Original Text: “No por mucho madrugar amanece más temprano.”

Transliteration: “Not for much waking early dawns more early.”

Translation: “No matter how early you wake up, the sun still rises at the same time.”


According to the source, this proverb is similar to the proverbs “What’s done is done,” and “You can’t change the past.” To put this proverb in simpler terms, it means that it doesn’t matter what you do. The sun will always rise at dawn, and there’s nothing you can do to change that. The source says he uses it when people are worried about things they’ve done that can no longer be corrected. He couldn’t remember specifically when or where he’d first heard it, but he remembered his mother using it when he was young. He’d go to her crying about something that he’d done poorly in school, and she’d tell him not to cry because it’s in the past, and there’s nothing he could do about it anyway.
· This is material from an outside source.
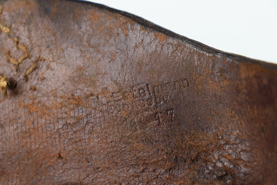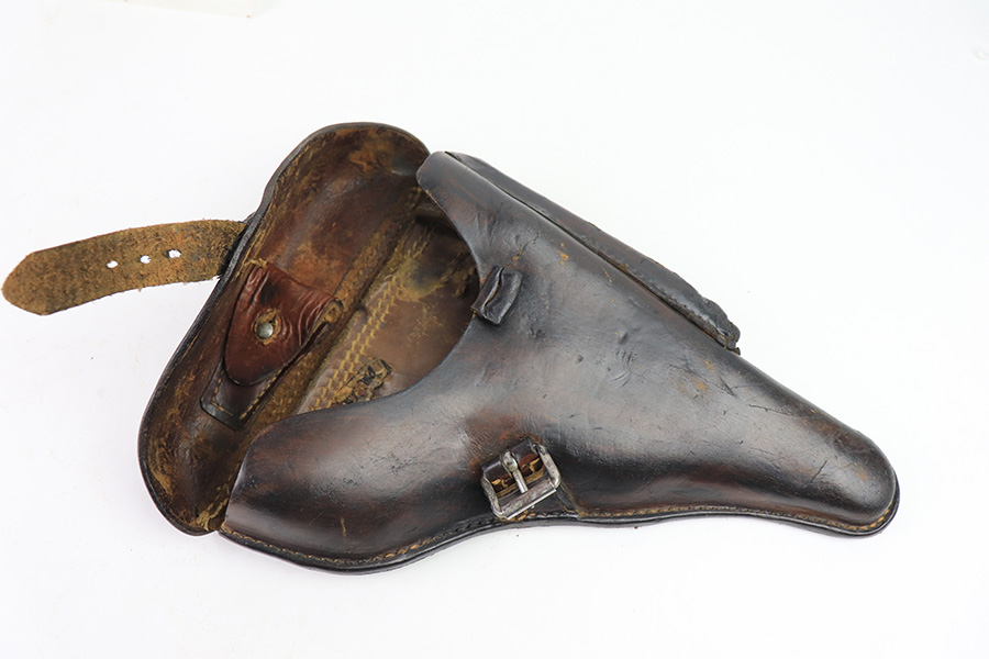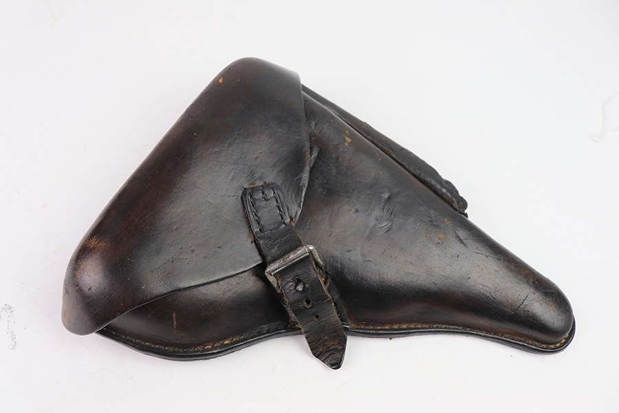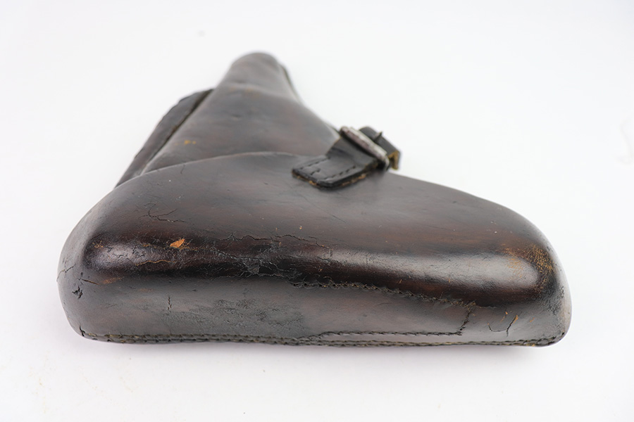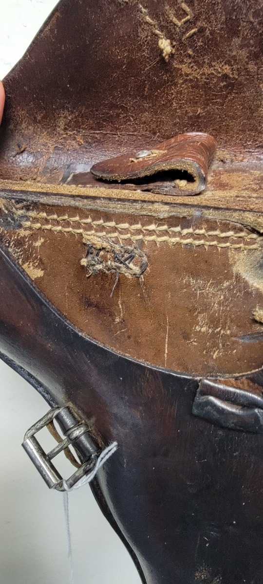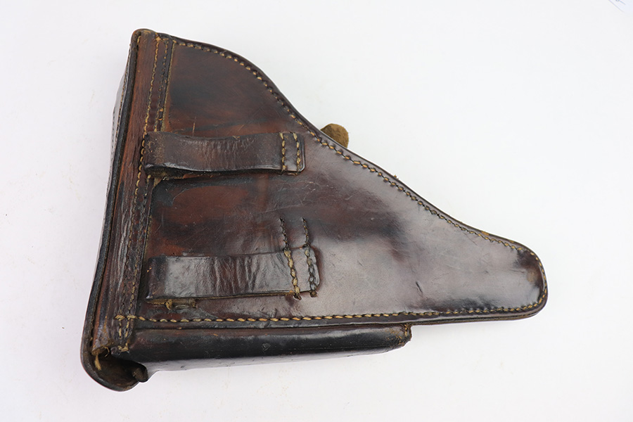 12/21/22 – This is an original WW1 German Luger holster. The holster is maker stamped and dated on the interior lid. The holster has all original leather and stitching, except for the upper stitching of one belt loop, which is replaced. The leather is soft and pliable but still in very good condition – especially considering its age. The magazine pouch has some rough areas of leather but this doesn’t affect functionality and the leather is still completely intact.

This collection particularly interests me because of the source’s interpretation. The proverb is stated in terms of something that will happen in the future (i.e. the sunrise), but when he explained how he understood it, he explained it in terms of the past (i.e. “You can’t change the past.”). When I first heard the proverb, I understood it to be making a statement on destiny. I understood it as being, “No matter what you do, you can’t change the rules of the world. The sun is still gonna rise at x time. So and so is still going to die. Etc, etc.” The source, however, makes it sound like a statement on regret. We shouldn’t worry ourselves about things that have already happened because the past can’t be corrected.
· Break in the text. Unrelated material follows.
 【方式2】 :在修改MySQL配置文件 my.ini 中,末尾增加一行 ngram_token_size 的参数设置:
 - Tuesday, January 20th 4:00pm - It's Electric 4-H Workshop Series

In either case, the proverb is understood as making a statement on how people can’t change things. But why did he and I understand it differently? Personally, I hate the idea of destiny very much, which might be why I jumped to that conclusion, ready to tear apart this proverb. When I asked him why he saw it as a statement about regret, he said he thinks it’s because that’s how his mother always used it, so he kind of inherited her view and never quite thought of it any other way. He understood my view, though, and wondered if maybe he’d start to see the proverb that way, too.